The tree is persisted in a Mongo database.
I can't decide whether I should serialize the tree and encrypt it has a whole string or whether to encrypt values individually, considering that all data in the tree will be encrypted using the same key.
What are the pros and cons of either?
From what I can tell, AES uses a block size of 128 bits, meaning that any string can grow up to 15 characters in length when encoded, which speaks in favor of encoding a serialized string (if you want to avoid overhead)
Note: Although the webapp will use both HTTPS, IP whitelisting and multifactor authentication, I want to make an effort to prevent data breach in the event the Mongo database is stolen. That's what I'm going for here. Advice or thoughts on how to accomplish this is appreciated.
Furthermore, I also want my service to inspire trust. Sending data in the clear (although over HTTPS) means the user must trust me to encrypt it before persisting it. Encrypting client-side allows me to emphasize that I don't know (or need to know) what I'm saving.
I can't think of a reason why these approaches would be different in terms of security of the actual strings (assuming they are both implemented correctly). Encrypting the strings individually obviously means that the structure of the tree will not be secret, but I'm not sure if you are concerned with that or not. For example, if you encrypt each string individually, someone seeing the ciphertexts could find out how many keys there are in the tree, and he could also learn something about the length of each key and value. If you encrypt the tree as a whole serialized blob, then someone seeing the ciphertext can tell roughly how much data is in the tree but nothing about the lengths or number of individual keys/values.
In terms of overhead, the padding would be a consideration, as you mentioned. A bigger source of storage overhead is IVs: if you are using a block cipher mode such as CTR, you need to use a distinct IV for each ciphertext. This means if you are encrypting each string individually, you need to store an IV for each string. If you encrypt the whole serialized tree, then you just need to store the one IV for that one ciphertext.
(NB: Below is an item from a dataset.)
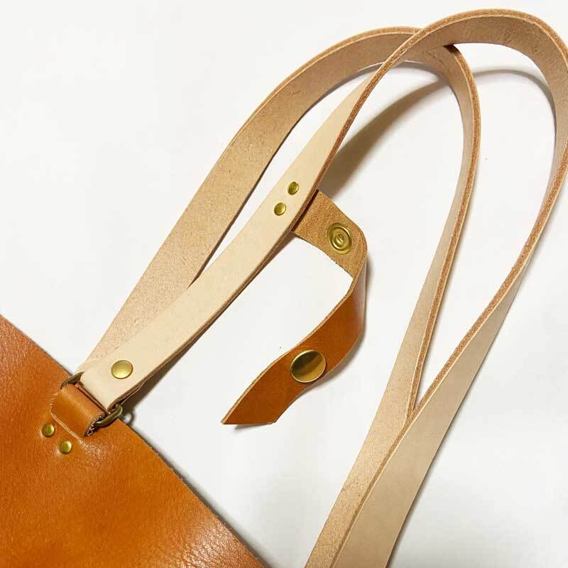 (素材)牛革。金具は真鍮製。糸は手縫い専用のシニュー糸を使っているので、不揃い感のある温もりのあるステッチになります。
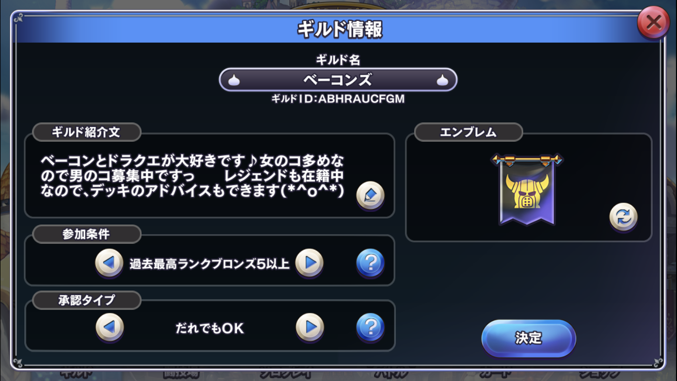 ドラクエライバルズはギルドに入ることでメンバーとのギルド内対戦や観戦ができたり、デッキのレンタルができるようになります。

Before you implement this in Javascript, though, you should make sure that you're actually getting a real improvement in security from doing client-side encryption. This article is a classic: http://www.matasano.com/articles/javascript-cryptography/ One important point is to remember that the server is providing the Javascript encryption code, so encrypting data on the client doesn't protect it from the server. If your main concern is a stolen database, you could achieve the same security by just encrypting the data on the server before inserting it in the database.